Everything from the line holding "三秦都市报-秦闻讯(通讯员 马玲娟)为切" through the final line of the records is to be transcribed exactly, except pictures, and nothing beyond that.

:: RECORD EXTRACTS

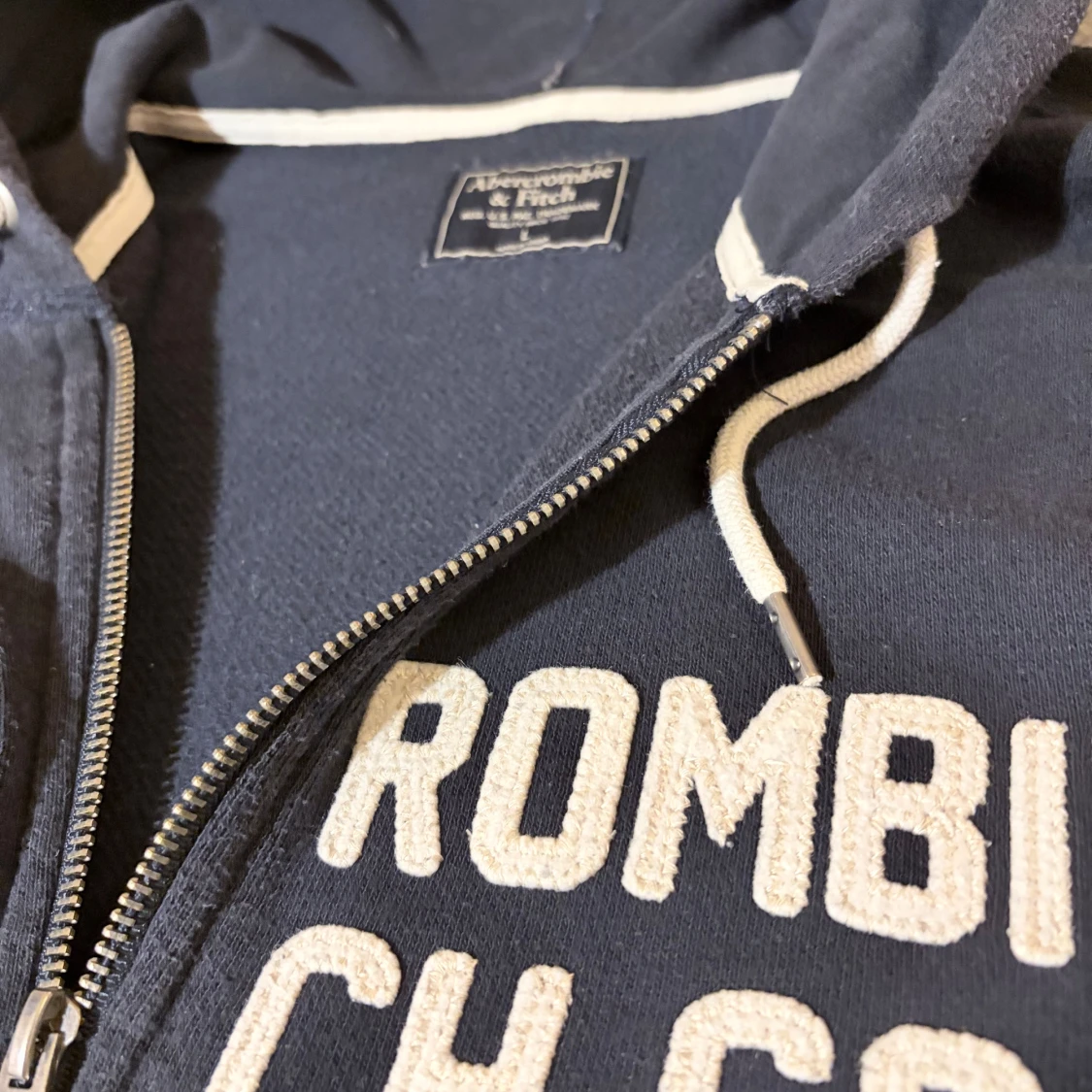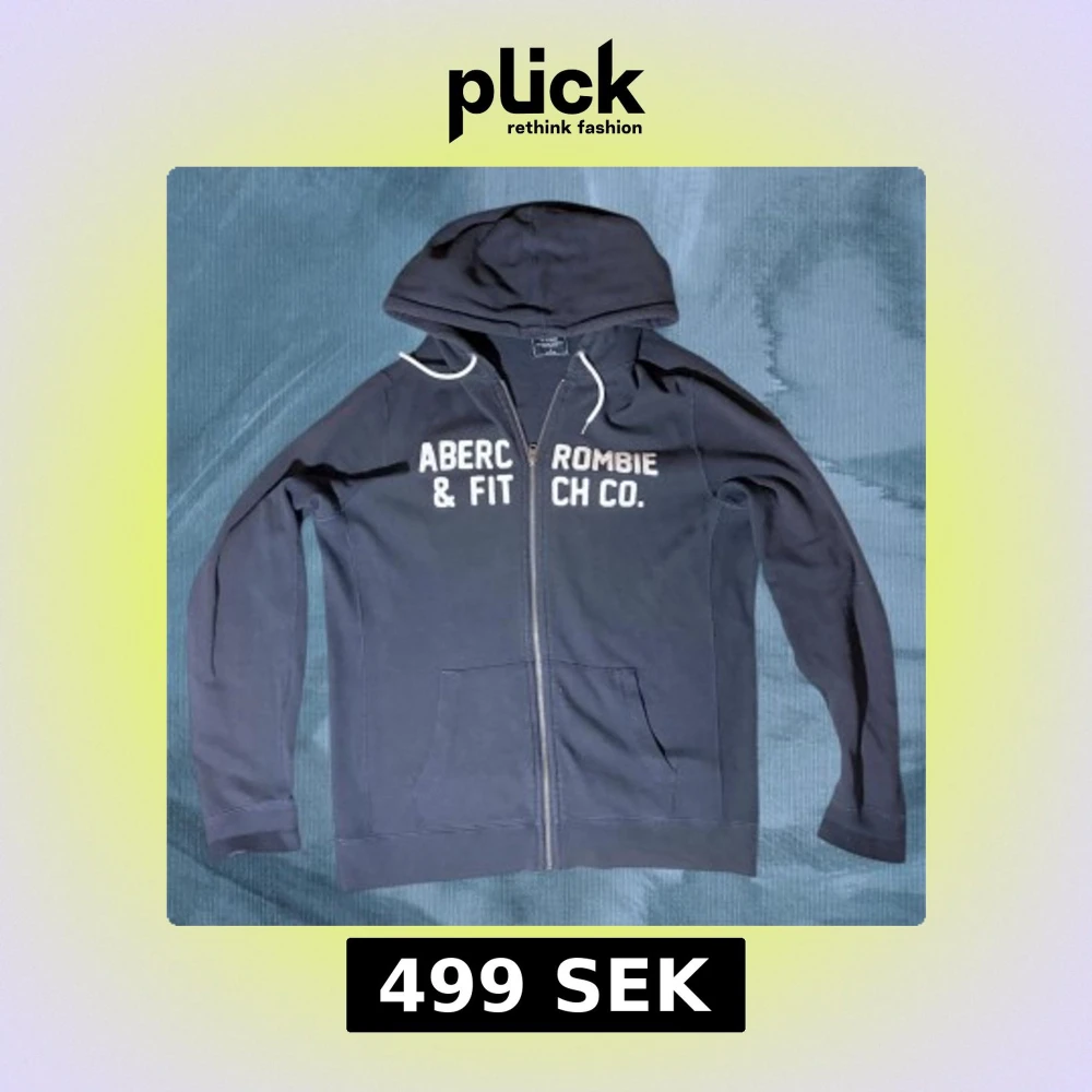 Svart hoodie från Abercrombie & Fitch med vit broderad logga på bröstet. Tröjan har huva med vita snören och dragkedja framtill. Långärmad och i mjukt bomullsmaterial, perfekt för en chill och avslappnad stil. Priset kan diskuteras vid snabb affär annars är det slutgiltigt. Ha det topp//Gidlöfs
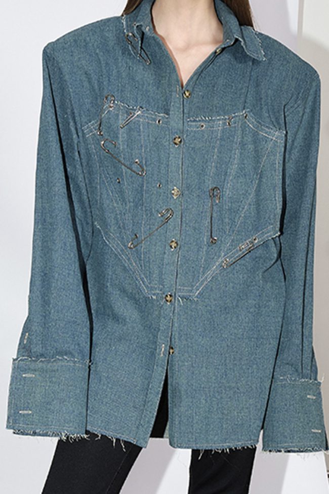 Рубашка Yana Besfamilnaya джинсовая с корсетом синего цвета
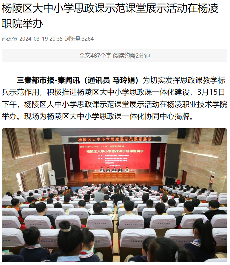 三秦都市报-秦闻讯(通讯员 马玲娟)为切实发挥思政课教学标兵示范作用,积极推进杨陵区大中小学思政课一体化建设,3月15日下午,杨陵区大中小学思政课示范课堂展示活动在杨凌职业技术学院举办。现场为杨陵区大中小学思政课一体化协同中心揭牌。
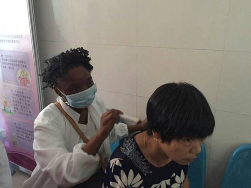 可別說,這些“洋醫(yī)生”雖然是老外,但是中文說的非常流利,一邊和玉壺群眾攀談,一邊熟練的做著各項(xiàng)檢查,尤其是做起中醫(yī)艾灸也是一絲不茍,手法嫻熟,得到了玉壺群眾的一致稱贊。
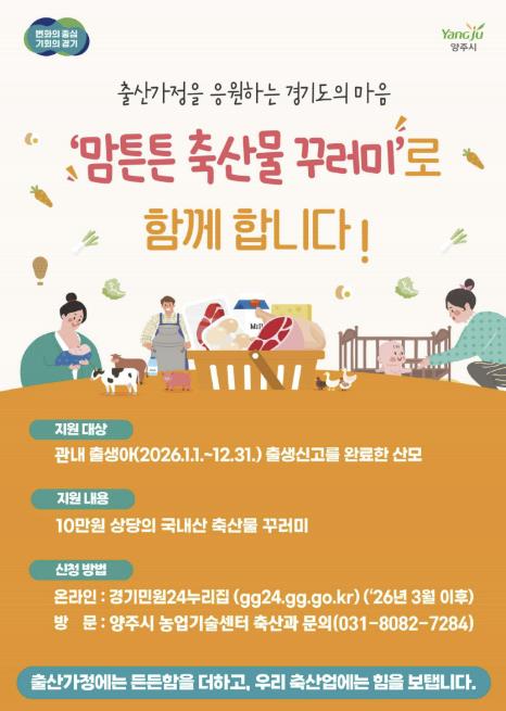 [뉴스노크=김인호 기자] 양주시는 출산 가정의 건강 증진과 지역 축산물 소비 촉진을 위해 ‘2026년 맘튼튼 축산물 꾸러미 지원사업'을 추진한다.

::::

- [WRITTEN SOLUTION]
 三秦都市报-秦闻讯(通讯员 马玲娟)为切实发挥思政课教学标兵示范作用,积极推进杨陵区大中小学思政课一体化建设,3月15日下午,杨陵区大中小学思政课示范课堂展示活动在杨凌职业技术学院举办。现场为杨陵区大中小学思政课一体化协同中心揭牌。
 可別說,這些“洋醫(yī)生”雖然是老外,但是中文說的非常流利,一邊和玉壺群眾攀談,一邊熟練的做著各項(xiàng)檢查,尤其是做起中醫(yī)艾灸也是一絲不茍,手法嫻熟,得到了玉壺群眾的一致稱贊。
 [뉴스노크=김인호 기자] 양주시는 출산 가정의 건강 증진과 지역 축산물 소비 촉진을 위해 ‘2026년 맘튼튼 축산물 꾸러미 지원사업'을 추진한다.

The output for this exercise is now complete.